Reinforcement learning algorithms that optimize a policy directly via gradient ascent on expected rewards.
Policy gradient methods are a family of reinforcement learning algorithms that optimize a policy's parameters directly, rather than deriving behavior indirectly from estimated value functions. The core idea is to parameterize the policy — often as a neural network — and compute the gradient of expected cumulative reward with respect to those parameters. By following this gradient upward through repeated updates, the agent learns to take actions that yield higher long-term returns. This direct optimization makes policy gradient methods particularly well-suited to continuous action spaces, where enumerating or maximizing over all possible actions is computationally intractable.
The foundational algorithm in this family is REINFORCE, introduced by Ronald Williams in 1992, which estimates the policy gradient using sampled trajectories of experience. The key insight is that even though the reward signal is non-differentiable with respect to the actions taken, the log-probability of those actions under the policy is differentiable — enabling gradient-based optimization. In practice, raw REINFORCE suffers from high variance in gradient estimates, making learning slow and unstable. Subtracting a baseline — typically an estimate of the state's value — reduces this variance without introducing bias, a technique central to modern implementations.
Actor-Critic methods extend this framework by maintaining two components: an actor that represents the policy and a critic that estimates a value function. The critic's estimates serve as low-variance baselines or advantage signals, guiding the actor's updates more efficiently than Monte Carlo returns alone. This architecture underlies many state-of-the-art algorithms, including Proximal Policy Optimization (PPO) and Soft Actor-Critic (SAC), which add further stabilization through clipped objectives or entropy regularization.

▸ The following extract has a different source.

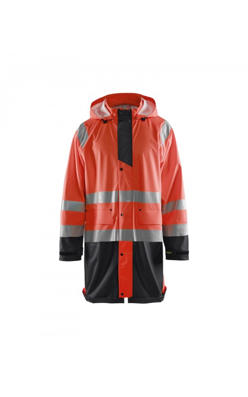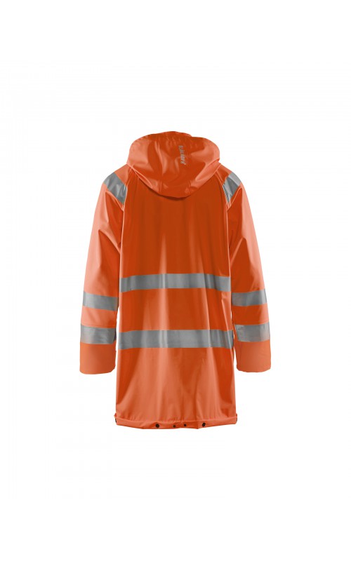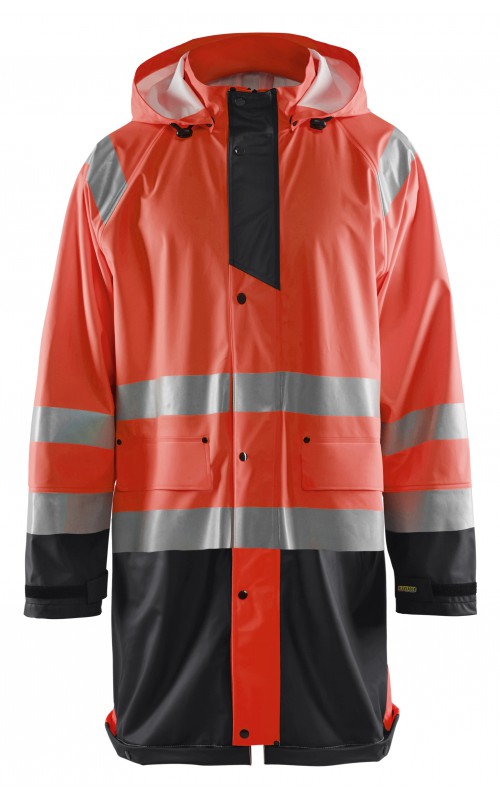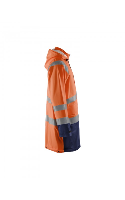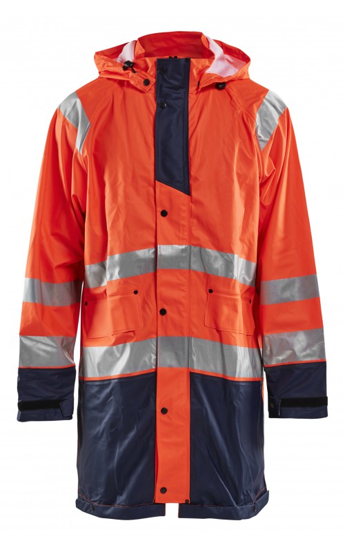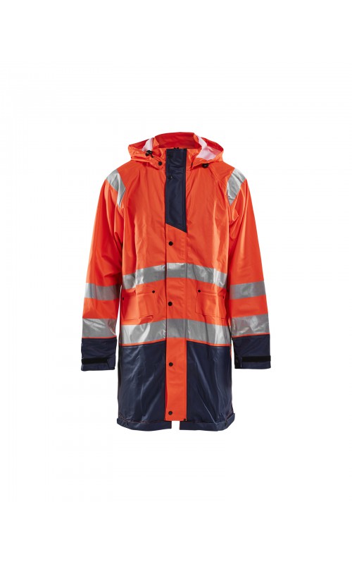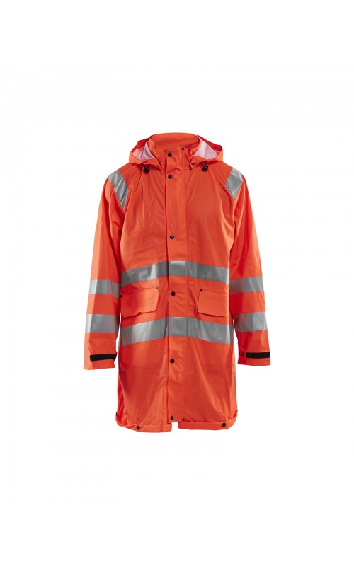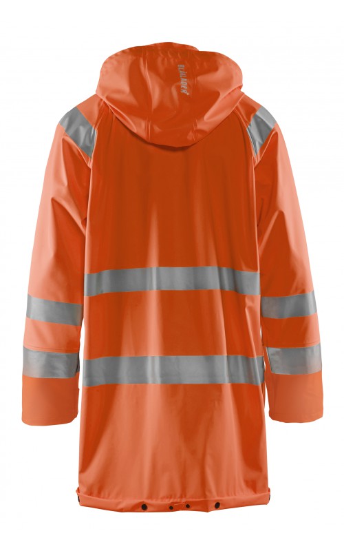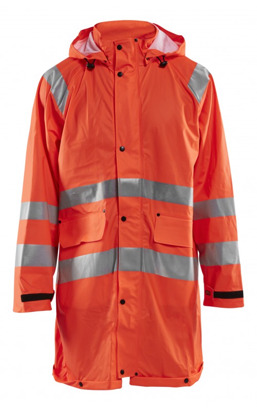High Vis regenjas voor diegenen met werkzaamheden die lichte en gladde regenkleding nodig hebben. Gemaakt van sterk wind- en waterdicht materiaal met gelaste naden en goede ventilatie. De sluiting is een sterke verborgen 2-weg ritssluiting met daarover een stormsluiting met drukknopen. De jas heeft een goede pasvorm, verstelbare manchetten met klittenband, een afneembare en verstelbare capuchon met trekkoordje, eenvoudig toegankelijke voorzakken en druppelgoot in de boord. Gecertificeerd volgens EN ISO 20471 Klasse 3, beschermende kleding met hoge zichtbaarheid, en EN 343 beschermende kleding tegen slecht weer. Kleur #5300 oranje is geüpdatet. Oude model is leverbaar zolang de voorraad strekt.

Policy gradient methods matter because they are among the most general and flexible tools in deep reinforcement learning. They handle stochastic policies naturally, support exploration through entropy bonuses, and scale to high-dimensional action spaces. Their ability to optimize non-differentiable reward signals end-to-end has made them central to breakthroughs in robotics, game playing, and large language model alignment through techniques like reinforcement learning from human feedback (RLHF).